In 1930, total length of routes was 101 km, including the longest bus line in history of Szczecin (61,5 km)—from Brama Portowa to Ueckermünde. In 1935, after reduction of the line and opening of new lines, total length of lines was 46,5 km and in 1939, 64 km. Bus stock in 1929 consisted of nine vehicles, in 1937 there were 21 buses.

During World War II, only two bus lines were running: to Tanowo and to Dołuje, probably there was also a line to Police. Bus lines were running instead of trams in streets destroyed by bombing in 1943 and in 1944. Bus transport in German Szczecin had stopped before 1944.

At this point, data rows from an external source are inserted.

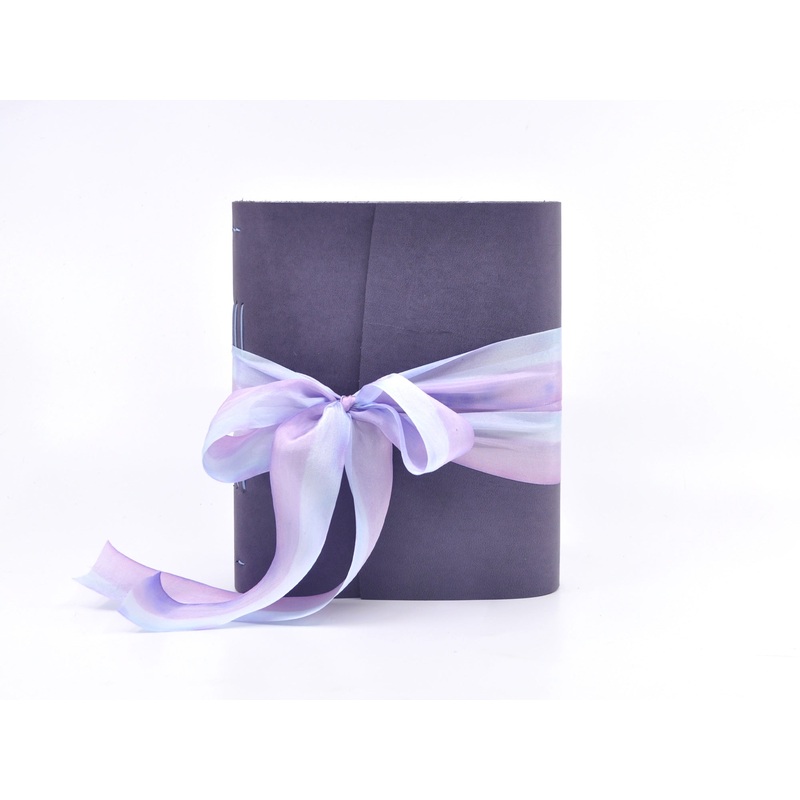 The journal is finished with a flap and a lavender/blue dip dyed silk ribbon that ties around the book block to hold the cover closed when you are not writing.
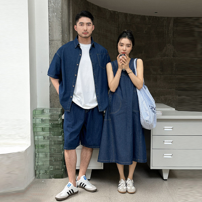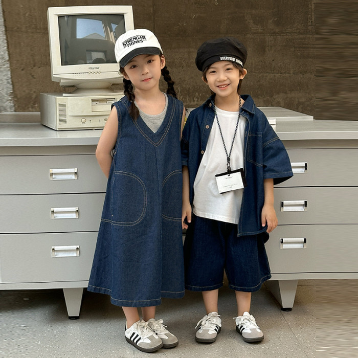 親子裝短袖2025夏季韓版一家三四口薄牛仔襯衫母女裝背心連衣裙潮
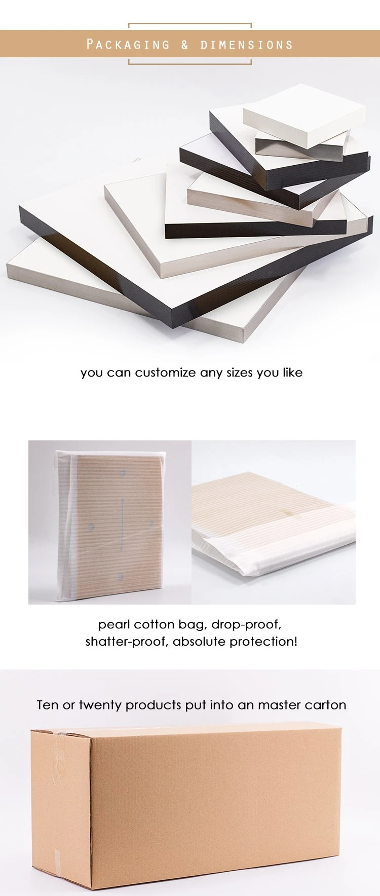 Product NameMingyu Innovative light foam photo frameMaterialMDF+XPS+PVCCountry of originHuizhou Guangdong ChinaSize5×7/6×8/8×10/11×14/12×12/12×18/16×20/20×30inchThickness0.5"/0.75"/1"/1.25"/1.5"PackagePE bag / EPE bag per pieces, then 10 pieces in one
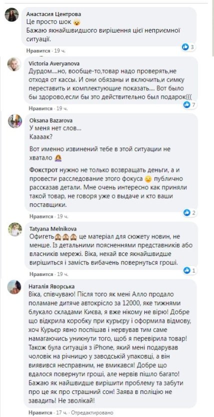 "Кажется, кто-то из работников Фокстрота (по телефону или в магазине) говорил, что в течение 8 часов какое-либо решение будет, но прошло уже больше, но ничего конкретного не произошло. Многие извинения, но что мне с ними сделать? Я их не обменяю на 24к", — отметила она.
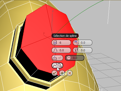 3ds Max aligne la spline sur les normales des faces d'origine, ce qui rend les cornes plus perpendiculaires au reste du casque. L'effet obtenu est plus ou moins satisfaisant selon la spline tracée.
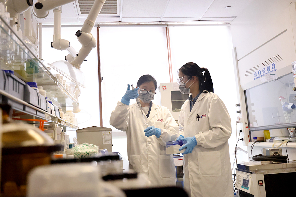Young scientists conduct a pharmaceutical experiment in a laboratory in Zhangjiang Science City, Pudong district, Shanghai, one of the most vigorous cities with a strong innovation capacity and well-developed academic and industrial chains in China, March 26, 2025. /CFP
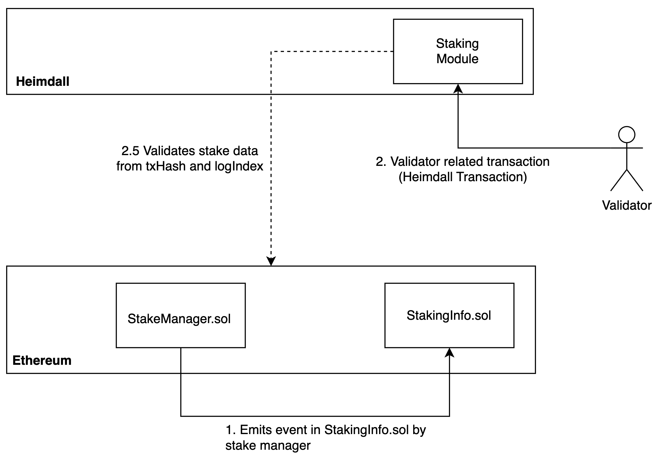 MsgValidatorJoin: This message is triggered when a new validator joins the system by interacting withStakingManager.solon Ethereum. The action emits aStakedevent to recognize and process the validator’s participation.MsgStakeUpdate: Used to handle stake modifications, this message is sent when a validator re-stakes or receives additional delegation. Both scenarios trigger aStakeUpdateevent on Ethereum, ensuring Heimdall accurately updates the validator’s stake information.MsgValidatorExit: When a validator decides to exit, they initiate the process on Ethereum, leading to the emission of aUnstakeInitevent. This message ensures that Heimdall records the validator’s departure accordingly.MsgSignerUpdate: This message is responsible for processing changes to a validator’s signer key. When a validator updates their signer key on Ethereum, it emits aSignerUpdateevent, prompting Heimdall to reflect the new signer key in its records.
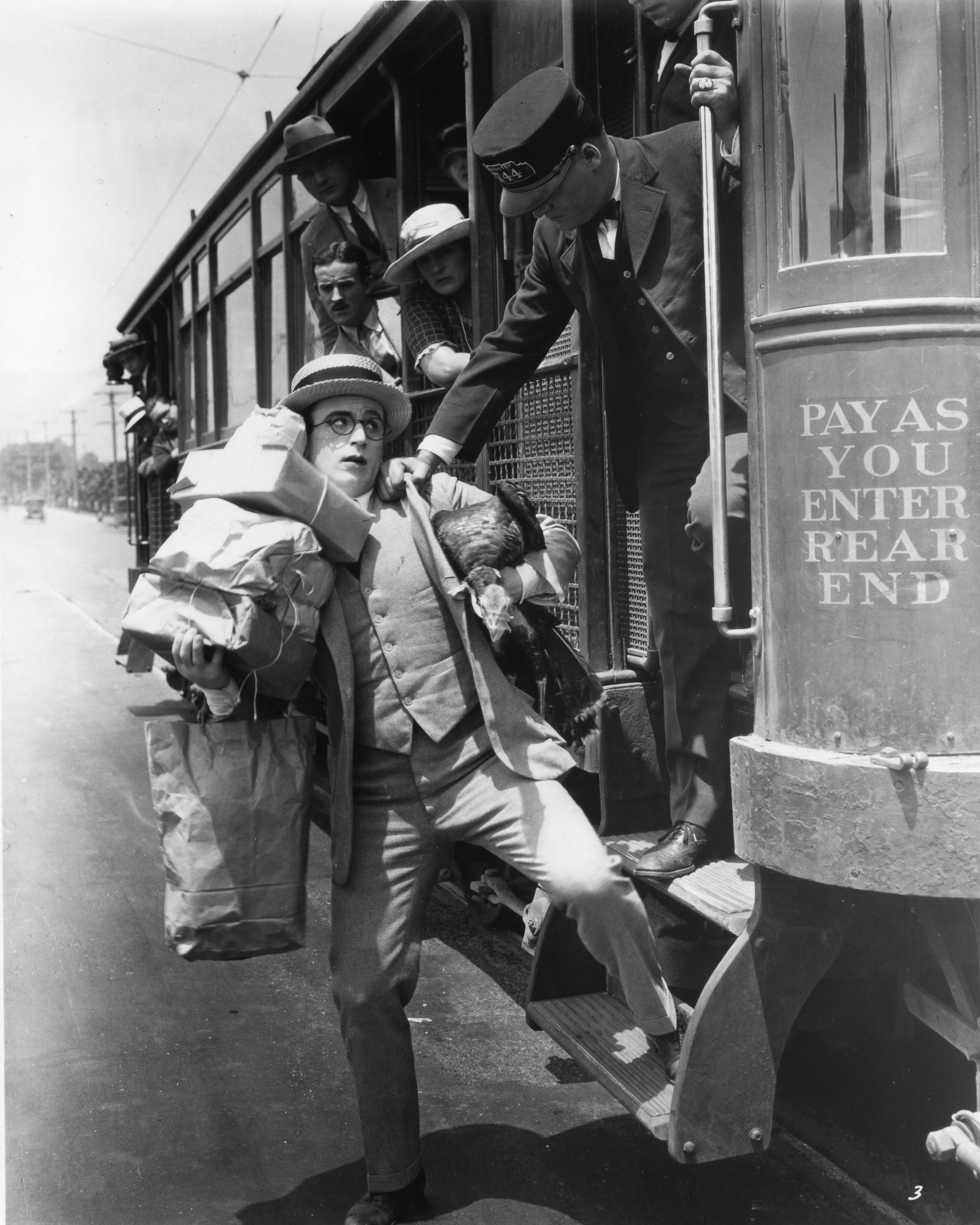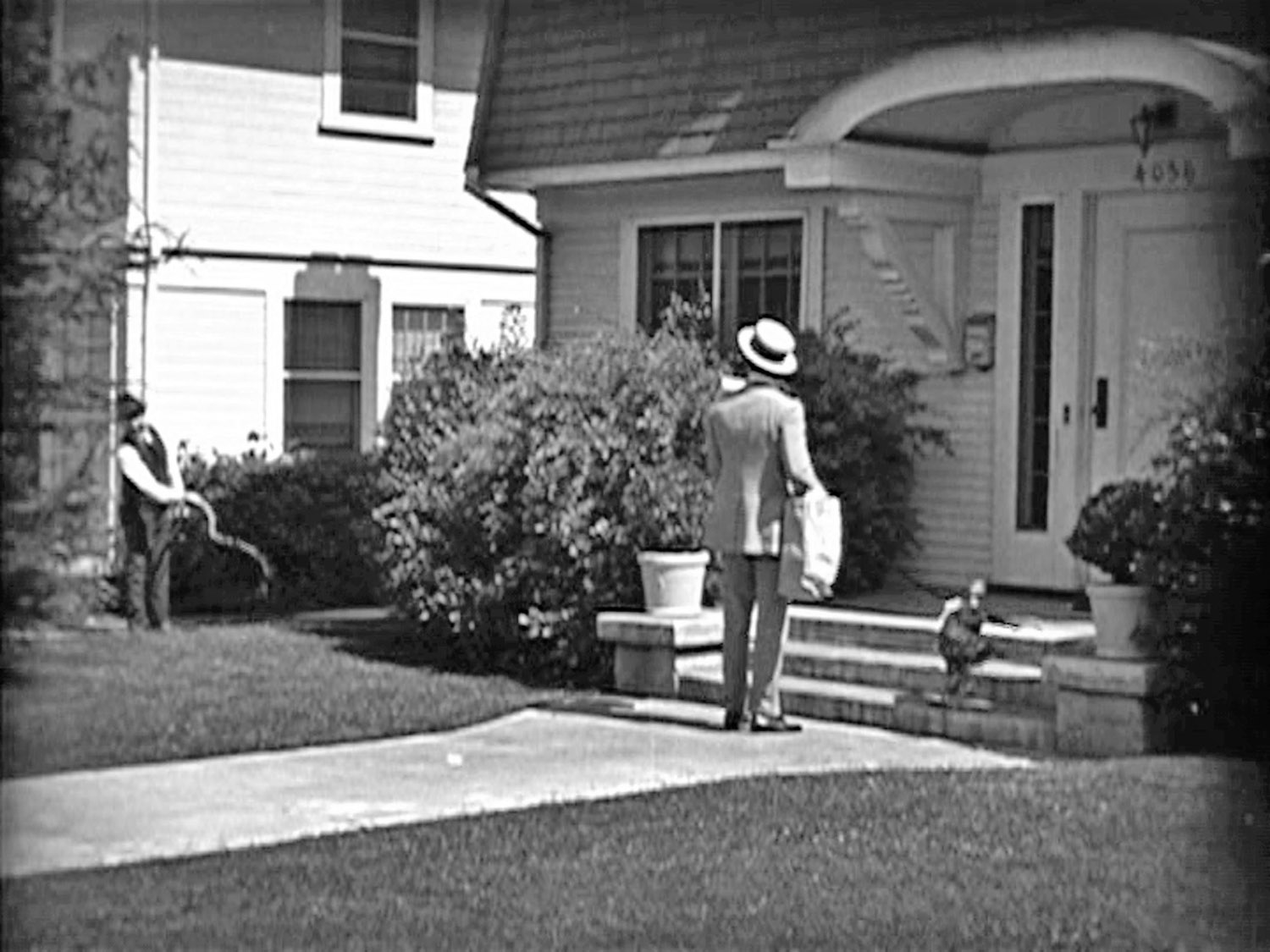 Hot Water, a parody of domestic bliss, is best known for its famous set pieces, including Harold’s attempt to ride a crowded streetcar while carrying armloads of groceries and a live turkey, and his disastrous inaugural outing in his new car, with his pesky in-laws in tow. Above Harold and live turkey arrive at 4056 W 7th Street, note the doorway address.

===Buses in post-war city===

After World War II, only two buses ran in Szczecin. Others had been damaged or were used for evacuation. The first post-war bus line was launched on 4 August 1947 (the route had been operated by pre-war bus Bussing) and ran from Kościuszki Square to Gumieńce. Public transport had been managed by Tramwaje i autobusy miasta Szczecina. In 1948 five lines were running, which led to Dąbie, Police, Żydowce, Stołczyn and Gumieńce, operated by buses: Büssing, GMC, Leyland (since 1948). In the 50s, a number of bus lines were running: Mavag, Star, San, Chausson, Škoda-Karosa, Renault, Nysa, Jelcz-Berliet and Jelcz 272. In 1955, marking of lines was changed from alphabetical to numerical. In the middle 60s, the first bus depot was built in Klonowica Street. Earlier buses had been stored in the tram depot in Kolomuba Street. Number of bus lines increased: in 1960 there were 10 lines, in 1964 were 16 lines (including one shortened: "bis"), in 1968 were 22 lines (including 3 bis-lines and one to Wyspa Pucka). In 1976, Miejski Zakład Komunikacyjny was transformed into Wojewódzkie Przedsiębiorstwo Komunikacji Miejskiej (WPKM), which also managed public transport in other cities of the voivodship. In 1978, construction of "Dąbie", the second bus depot in Szczecin was completed. Seven years later another bus depot opened—in Police. On 12 November 1981, the first Ikarus 280 buses began operation. By 1990 almost 300 buses had been bought. Since 1985, night bus lines began supporting night tram lines. In the same year, the first Jelcz M11 buses appeared on routes.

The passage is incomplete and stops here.